> **Entries provided**:

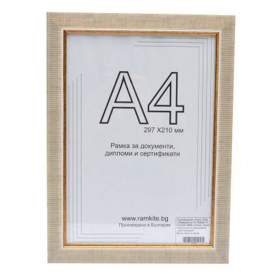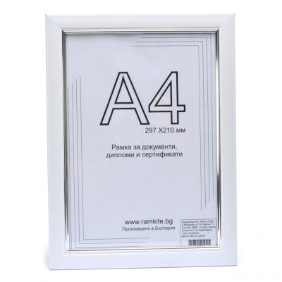 Рамка за снимки, сертификати, грамоти или други документи с А4 формат (21х29.7см). Може да бъде поставена на стената хоризонтално или вертикално с помощта на кукичка. Рамката е изработена от PVC материал с фронт стъкло. Предлага се в 3 цвята.
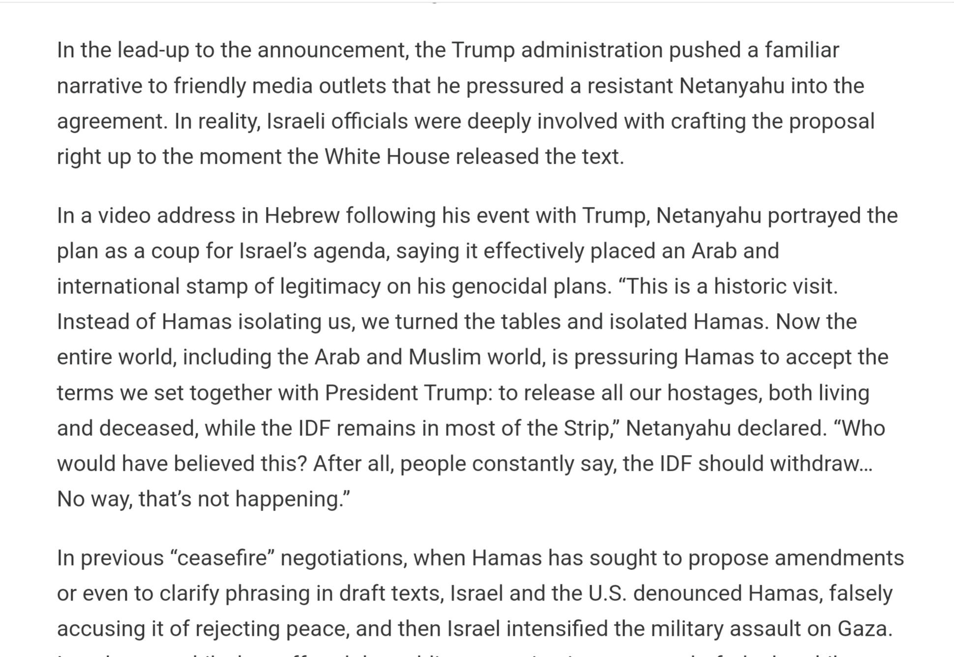 In the lead-up to the announcement, the Trump administration pushed a familiar narrative to friendly media outlets that he pressured a resistant Netanyahu into the agreement. In reality, Israeli officials were deeply involved with crafting the proposal right up to the moment the White House released the text. In a video address in Hebrew following his event with Trump, Netanyahu portrayed the plan as a coup for Israel's agenda, saying it effectively placed an Arab and international stamp of legitimacy on his genocidal plans. “This is a historic visit. Instead of Hamas isolating us, we turned the tables and isolated Hamas. Now the entire world, including the Arab and Muslim world, is pressuring Hamas to accept the terms we set together with President Trump: to release all our hostages, both living and deceased, while the IDF remains in most of the Strip,” Netanyahu declared. “Who would have believed this? After all, people constantly say, the IDF should withdraw... No way, that's not happening.” In previous “ceasefire” negotiations, when Hamas has sought to propose amendments or even to clarify phrasing in draft texts, Israel and the U.S. denounced Hamas, falsely accusing it of rejecting peace, and then Israel intensified the military assault on Gaza.
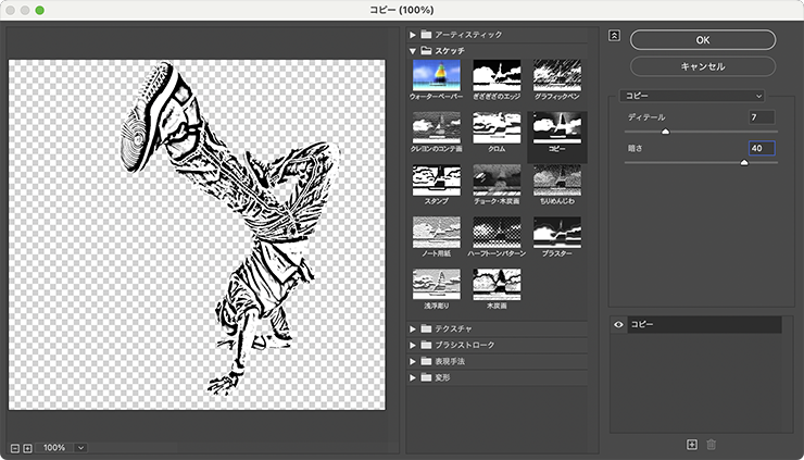 写真をチョーク風イラストに加工していく。まず[描画色]を黒、[背景色]を白に設定したら、レイヤーパネルで人物写真のレイヤーが選択された状態のまま、フィルターメニュー→“フィルターギャラリー...”を選び、[スケッチ]の[コピー]を[ディテール:7]、[暗さ:40]に設定する(図8)。なお、写真素材や表現したいイメージによって最適な設定値は異なるのでプレビューを参考にしながら調整してみてほしい。
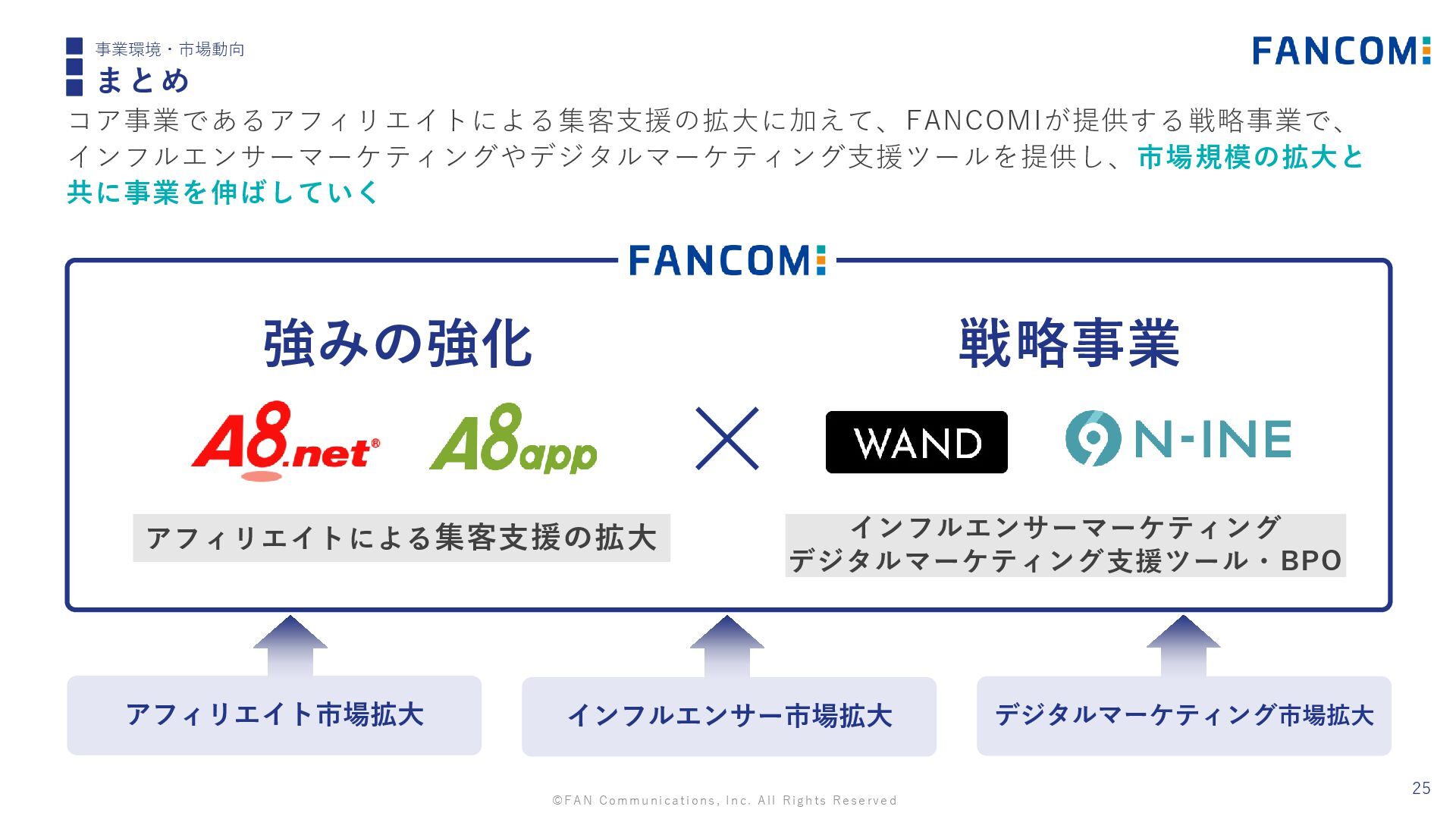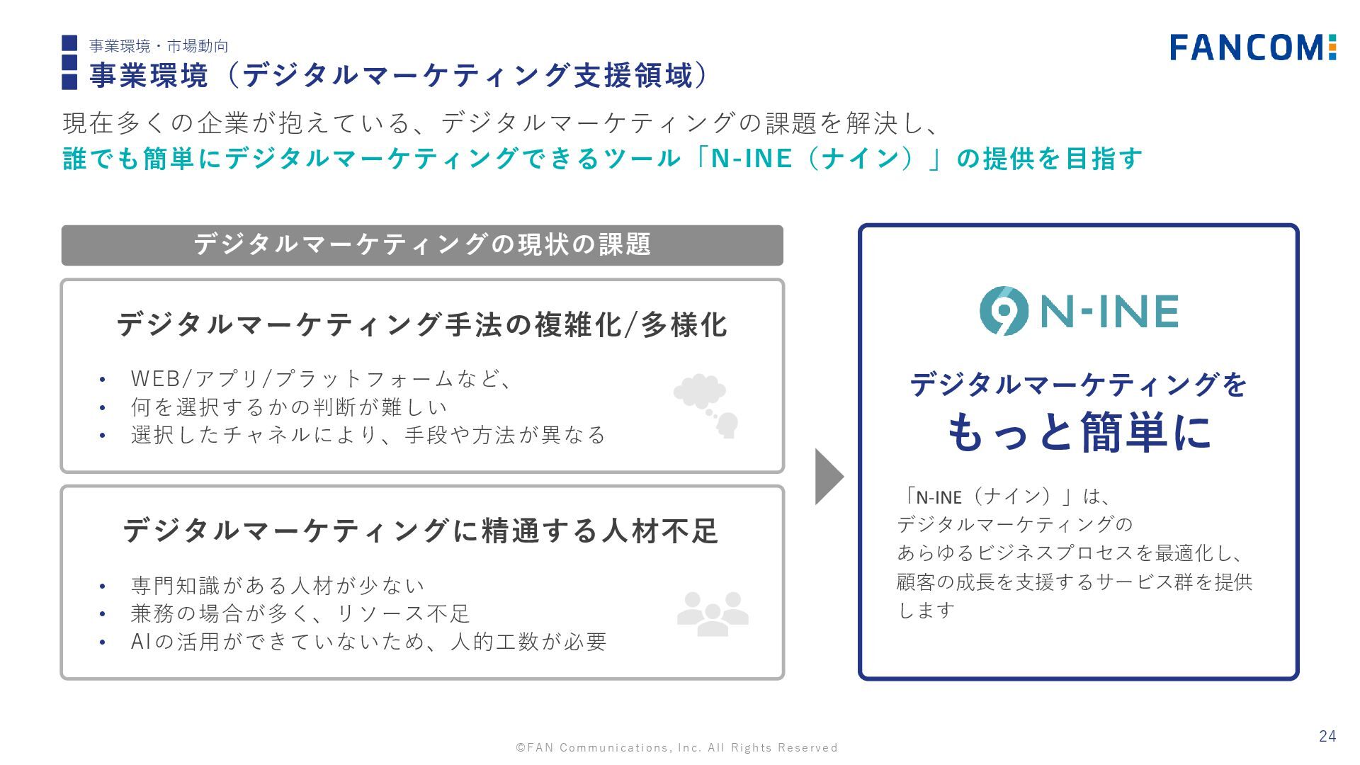 ©FAN Communications, Inc. All Rights Reserved 24 事業環境・市場動向 事業環境(デジタルマーケティング支援領域) 現在多くの企業が抱えている、デジタルマーケティングの課題を解決し、
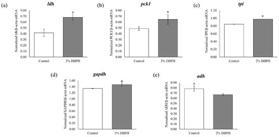 Quantitative real-time PCR analysis of idh (a); pck1 (b); tpi (c); gapdh (d); and adh (e) expression in the liver of flowerhorn fish after the 90-day feeding trial. Bars marked with asterisks denote statistically significant differences between the control and 2% DBPH groups (p < 0.05).

> **What you are asked to do**: Beginning with the line that holds "In the lead-up", output each line to the end of the material above, exactly, omitting the pictures.

> **Result**:
 In the lead-up to the announcement, the Trump administration pushed a familiar narrative to friendly media outlets that he pressured a resistant Netanyahu into the agreement. In reality, Israeli officials were deeply involved with crafting the proposal right up to the moment the White House released the text. In a video address in Hebrew following his event with Trump, Netanyahu portrayed the plan as a coup for Israel's agenda, saying it effectively placed an Arab and international stamp of legitimacy on his genocidal plans. “This is a historic visit. Instead of Hamas isolating us, we turned the tables and isolated Hamas. Now the entire world, including the Arab and Muslim world, is pressuring Hamas to accept the terms we set together with President Trump: to release all our hostages, both living and deceased, while the IDF remains in most of the Strip,” Netanyahu declared. “Who would have believed this? After all, people constantly say, the IDF should withdraw... No way, that's not happening.” In previous “ceasefire” negotiations, when Hamas has sought to propose amendments or even to clarify phrasing in draft texts, Israel and the U.S. denounced Hamas, falsely accusing it of rejecting peace, and then Israel intensified the military assault on Gaza.
 写真をチョーク風イラストに加工していく。まず[描画色]を黒、[背景色]を白に設定したら、レイヤーパネルで人物写真のレイヤーが選択された状態のまま、フィルターメニュー→“フィルターギャラリー...”を選び、[スケッチ]の[コピー]を[ディテール:7]、[暗さ:40]に設定する(図8)。なお、写真素材や表現したいイメージによって最適な設定値は異なるのでプレビューを参考にしながら調整してみてほしい。
 ©FAN Communications, Inc. All Rights Reserved 24 事業環境・市場動向 事業環境(デジタルマーケティング支援領域) 現在多くの企業が抱えている、デジタルマーケティングの課題を解決し、
 Quantitative real-time PCR analysis of idh (a); pck1 (b); tpi (c); gapdh (d); and adh (e) expression in the liver of flowerhorn fish after the 90-day feeding trial. Bars marked with asterisks denote statistically significant differences between the control and 2% DBPH groups (p < 0.05).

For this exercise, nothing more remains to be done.